Khawatir dengan Tita yang diam saja, Ersa segera berdiri, memutari kolam, lalu mendekat. "Kak Tita?"
"Eh? Oh! Tangannya tremor mendadak," sahut Tita gelagapan. Setelah berhasil menguasai diri, Tita menarik tangan Ersa lalu berbisik. "Sa, aku mau nanya, boleh?"
"Apa, Kak?"
"Kamu, sama mereka?" Tita bertanya sambil menatap was-was pada tiga teman perempuan Ersa.
"Oh …, cuma iseng aja pengin coba sensasinya," sahut Ersa cuek.
"Hah?" Tita melongo bodoh.
"Kalo sama cowok kan bahaya, nanti melendung. Kalo sama cewek kan aman."
Tita meneguk liurnya. "Kamu suka sama mereka?"
"Sukalah! Mereka temen baik aku."
"Naksir?"
Ersa tergelak kencang. "Enggaklah, Kak! Aku masih doyan cowok."
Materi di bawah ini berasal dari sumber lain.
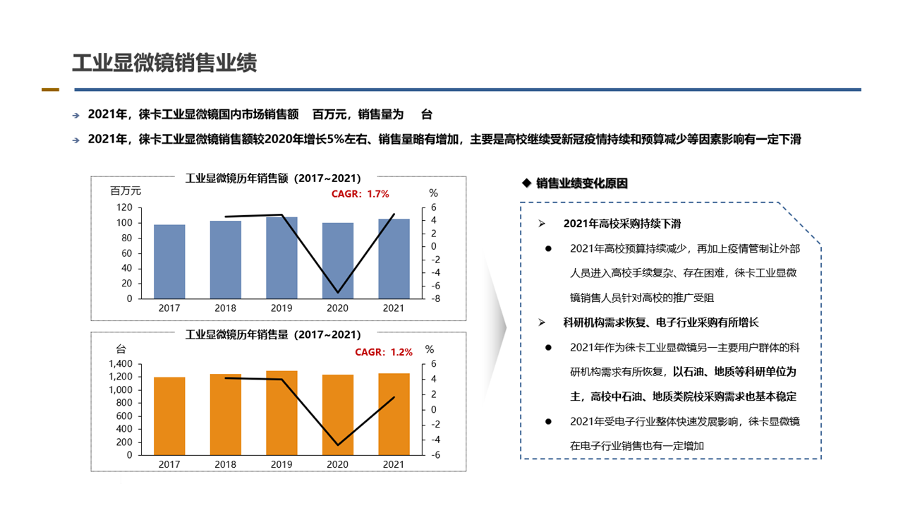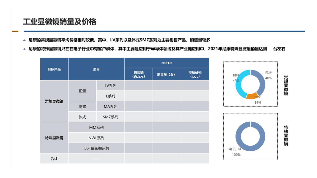 客戶需求:鑒于近年來國內(nèi)電子、汽車、材料等領(lǐng)域?qū)︼@微鏡鏡需求不斷增長,同時國產(chǎn)化設(shè)備替代也不斷推進(jìn),希望通過了解國內(nèi)市場顯微鏡主流參與企業(yè)的業(yè)績變化和主要用戶群體,借助自身品牌和渠道優(yōu)勢,拓展更多市場應(yīng)用機(jī)會。

Can't relate sama anak jaman now. Tita menggeleng. Bisa-bisanya sesama perempuan mencoba sensasi saling berpelukan, saling raba, saling cup-cupan di bibir, seolah mereka itu lawan jenis. Membayangkannya saja Tita bergidik sampai ingin muntah.